Pharmaceutical Compositions
[0074] In another aspect the invention provides novel
pharmaceutical compositions comprising a therapeutically effective
amount of the 1,4-diaza-bicyclo[3.2.2]nonyl oxadiazolyl derivative
of the invention.
[0075] While a 1,4-diaza-bicyclo[3.2.2]nonyl oxadiazolyl derivative
of the invention for use in therapy may be administered in the form
of the raw compound, it is preferred to introduce the active
ingredient, optionally in the form of a physiologically acceptable
salt, in a pharmaceutical composition together with one or more
adjuvants, excipients, carriers, buffers, diluents, and/or other
customary pharmaceutical auxiliaries.
[0076] In a preferred embodiment, the invention provides
pharmaceutical compositions comprising the
1,4-diaza-bicyclo[3.2.2]nonyl oxadiazolyl derivative of the
invention, or a pharmaceutically acceptable salt or derivative
thereof, together with one or more pharmaceutically acceptable
carriers therefore, and, optionally, other therapeutic and/or
prophylactic ingredients, know and used in the art. The carrier(s)
must be "acceptable" in the sense of being compatible with the
other ingredients of the formulation and not harmful to the
recipient thereof.
[0077] The pharmaceutical composition of the invention may be
administered by any convenient route, which suits the desired
therapy. Preferred routes of administration include oral
administration, in particular in tablet, in capsule, in drage, in
powder, or in liquid form, and parenteral administration, in
particular cutaneous, subcutaneous, intramuscular, or intravenous
injection. The pharmaceutical composition of the invention can be
manufactured by any skilled person by use of standard methods and
conventional techniques appropriate to the desired formulation.

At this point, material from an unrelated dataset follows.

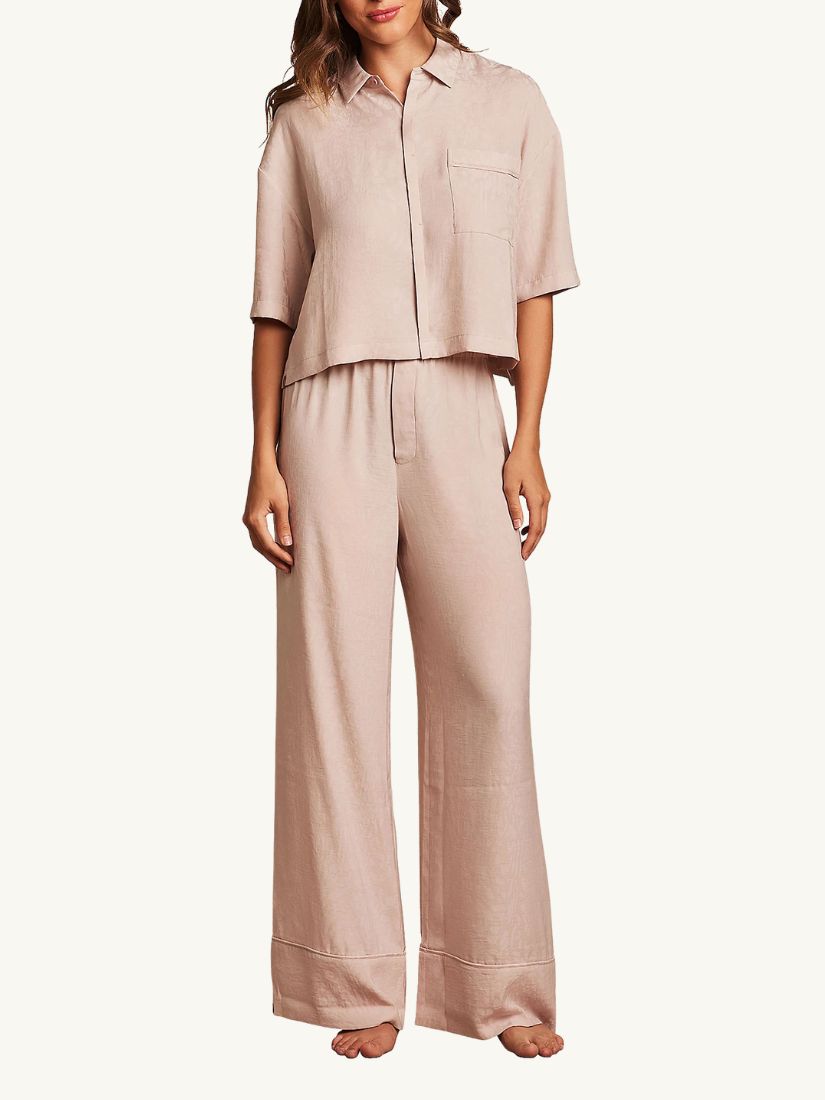 - Features: collar, front patch pocket with self piping, dropped shoulder, cropped length, elbow-length sleeves
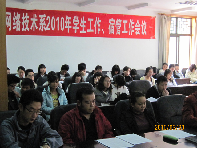 为进一步做好学生宿舍的安全防范工作,深化和拓展平安校园建设工作,切实加强我系学生的安全教育和管理,3月30日中午,Beat365唯一官方网站计算机与网络技术系在昆师路校区行政楼三楼会议室召开了“学生工作、宿舍管理工作会议”。系党总支书记李海雁老师,副书记王亚越老师,系学生党支部书记、辅导员王子龙老师及系管理学生相关老师、各宿舍舍长、全体团学干部、全体预备党员都参加了本次会议。

When desired, compositions adapted to give sustained release of the
active ingredient may be employed.
[0078] Pharmaceutical compositions of the invention may be those
suitable for oral, rectal, bronchial, nasal, pulmonal, topical
(including buccal and sub-lingual), transdermal, vaginal or
parenteral (including cutaneous, subcutaneous, intramuscular,
intraperitoneal, intravenous, intraarterial, intracerebral,
intraocular injection or infusion) administration, or those in a
form suitable for administration by inhalation or insufflation,
including powders and liquid aerosol administration, or by
sustained release systems. Suitable examples of sustained release
systems include semipermeable matrices of solid hydrophobic
polymers containing the compound of the invention, which matrices
may be in form of shaped articles, e.g. films or microcapsules.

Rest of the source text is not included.